We can see too why the triple integral you wrote evaluates to zero: The upper limit on the middle integral, is $2 \sin \theta$, and the symmetry of that function (together with the fact that $\theta$ appears nowhere else in the integral) ensures that the integral over $[\pi, 2\pi]$ has the same magnitude but the opposite sign as the desired integral over $[0, \pi]$.
Best Answer
Since the graph of $r = 2\sin \phi$ for $\phi \in [\pi,2\pi]$ overlaps with that for $\phi \in [0,\pi]$,
graph from spark notes
the upper limit for $\phi$ should be $\pi$ instead of $2 \pi$.

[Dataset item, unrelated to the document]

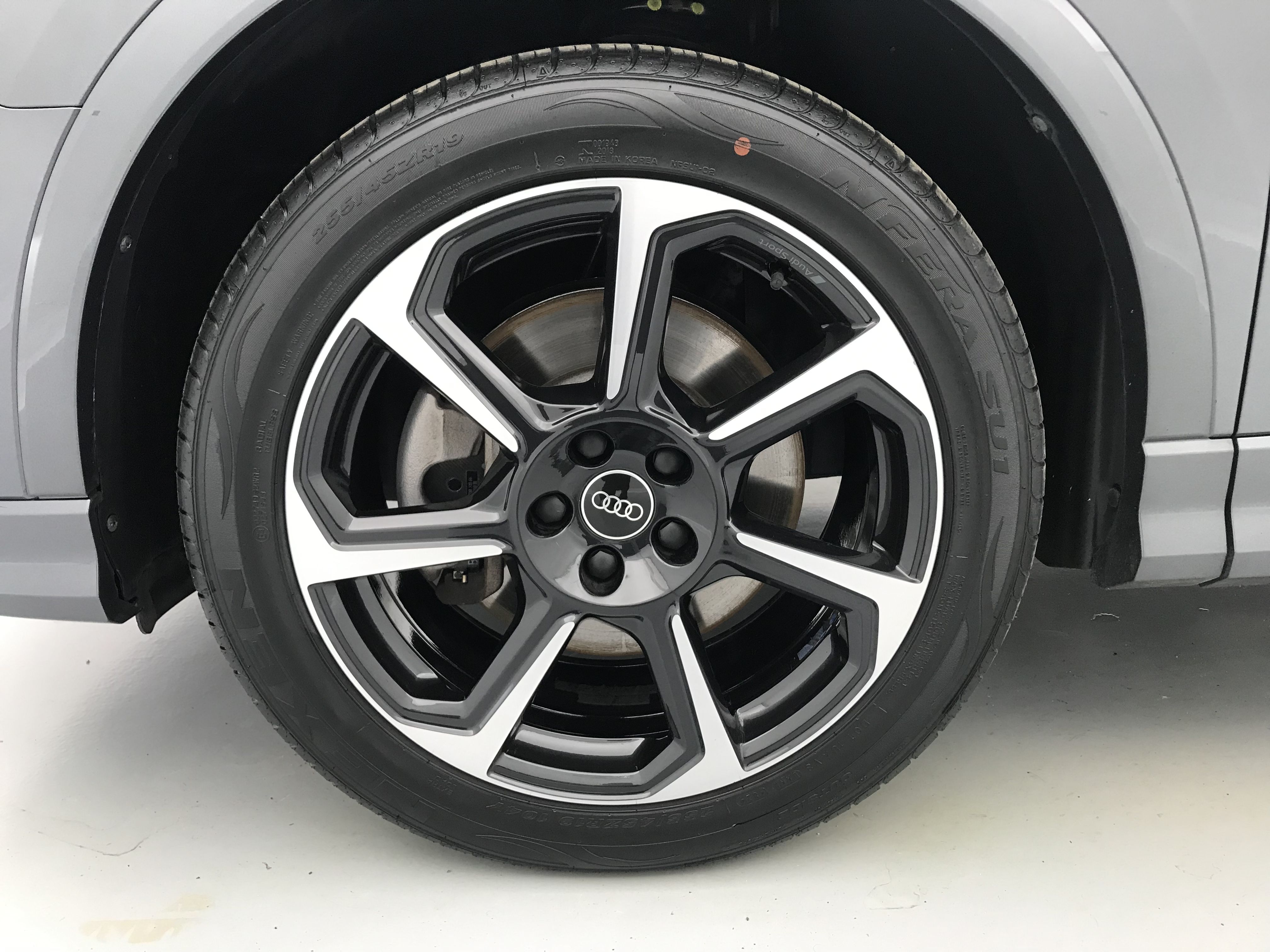 - Jantes en aluminium coulé 19" Audi Sport 7 branches en hélice noir anthracite brillant, polies 8.5Jx19", pneus 255/45 R19

\begin{align} V &= \int_{0}^{\pi}\int_{0}^{2\sin\phi}\int_{0}^{2r^2}\,dz\,rdr\,d\phi \\ &= \int_{0}^{\pi}\int_{0}^{2\sin\phi}2r^3 dr\,d\phi \\ &= \int_{0}^{\pi} \frac{(2 \sin \phi)^4}{2} \,d\phi \\ &= 8\int_{0}^{\pi} \sin^4 \phi \,d\phi \\ &= 16 \int_{0}^{\pi/2} \sin^4 \phi \,d\phi \quad (\text{symmetry of sine}: \sin\left(\frac\pi2+\phi\right) = \sin\left(\frac\pi2-\phi\right)) \\ &= 16 \cdot \frac{3 \cdot 1}{4 \cdot 2} \cdot \frac{\pi}{2} \quad \text{(Wallis' formula)} \\ &= 3\pi \end{align}